E-tail giant Amazon (Nasdaq: AMZN) won top sales honors for November, when 3 million buyers passed through its virtual doors, according to figures released Thursday by PC Data Online.
By comparison, Amazon had 1.5 million buyers in the previous month and 1.8 million buyers in November 1999.
Amazon’s nearest competitor in the November 2000 rankings, JCPenney.com, logged 894,000 paying customers — less than 30 percent of Amazon’s total.
However, 16.4 percent of the 5.5 million overall visitors to JCPenney.com made purchases from the site, a higher rate than Amazon’s 11.5 percent (out of 26.3 million overall visitors).
“Online shopping took off in November with Amazon.com far and away the big winner,” PC Data Internet analyst Cameron Meierhoefer said. “Traditional offline retailers like JC Penney, Sears, Best Buy and Wal-Mart are demonstrating impressive gains on the Internet this holiday season, but Amazon.com continues to raise the bar.”
Boosted by Toy Sales
Meierhoefer believes that at least some of the success Amazon has had in attracting shoppers can be attributed to its relationship with Toysrus.com. Under the terms of that agreement, Amazon hosts Toysrus.com’s Web sites and the two companies share the profits.
The Toysrus.com portion of Amazon received 8.6 million visitors, roughly a third of all Amazon visitors, during November. The only other toy e-tailer on November’s list of 20 top online retailers, eToys, logged 5.6 million visitors.
Although it did not match the lofty totals achieved by Amazon, eToys did register the largest percentage increase of monthly buyers in the rankings, leaping 460 percent, from 87,000 buyers in October to 487,000 in November.
Other high percentage gainers included Jcrew.com, which increased 379 percent from October, reseller Half.com (374 percent) and electronics e-tailer Bestbuy.com (282 percent).

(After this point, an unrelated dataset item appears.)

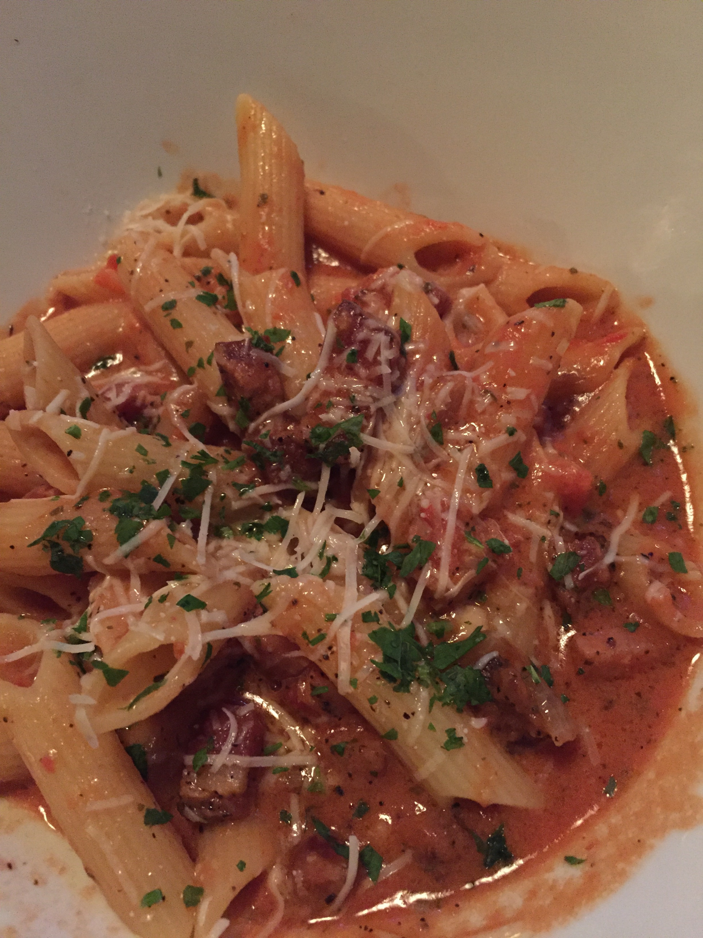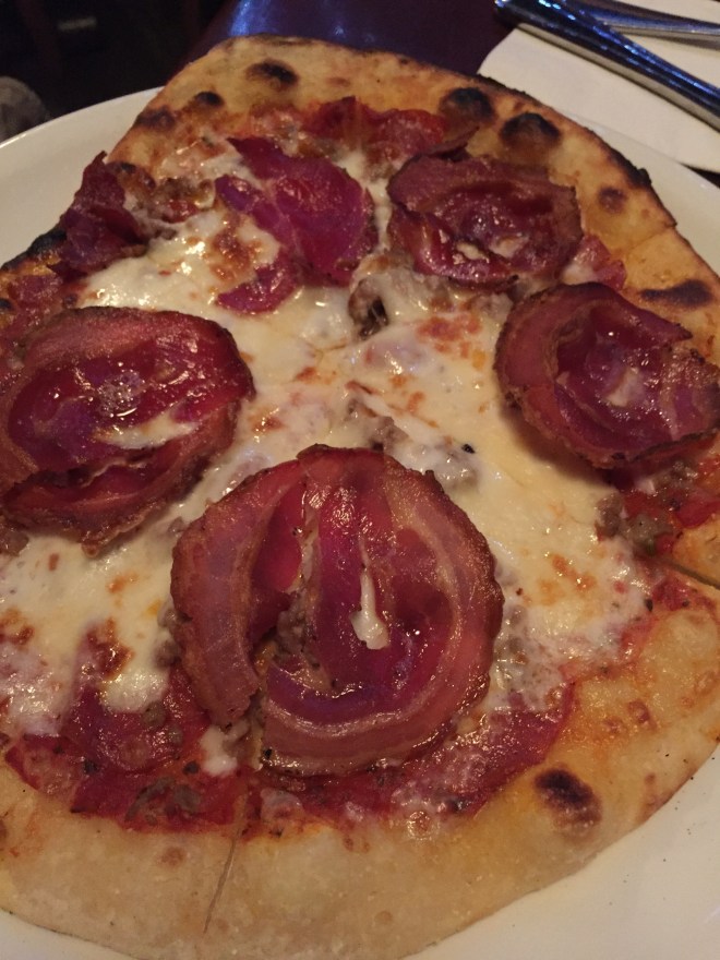 I had the Penne alla Vodka (hello little delicious pieces of pancetta!) and boyfriend had the Carne d’Italia Flatbread. I do not recommend a rollercoaster after all this food.

Debuting on the top 20 list at No. 12 was Walmart.com, with 6.7 million visitors and 313,000 buyers.
Amazon, FCB Part Ways
In related news, Amazon’s ad agency of three-and-a-half years, FCB San Francisco, announced Thursday that because of “fundamental disagreements” with the direction that Amazon.com is taking in 2001, it is dropping its high profile client.
Last year, according to Competitive Media Reporting, Amazon spent US$36 million in offline advertising. Through August of this year, the company had spent $9.38 million.
Amazon confirmed the breakup and said that it came after it initiated a review of its advertising vendors in a bid to consolidate its global ad campaigns with one provider. The move to consolidation will also affect the Seattle, Washington-based e-tailer’s relationships with its ad agencies in the UK, France, Germany and Japan.
Both Amazon and FCB said they expect to continue working together through the first quarter of 2001 in order to ensure a smooth transition.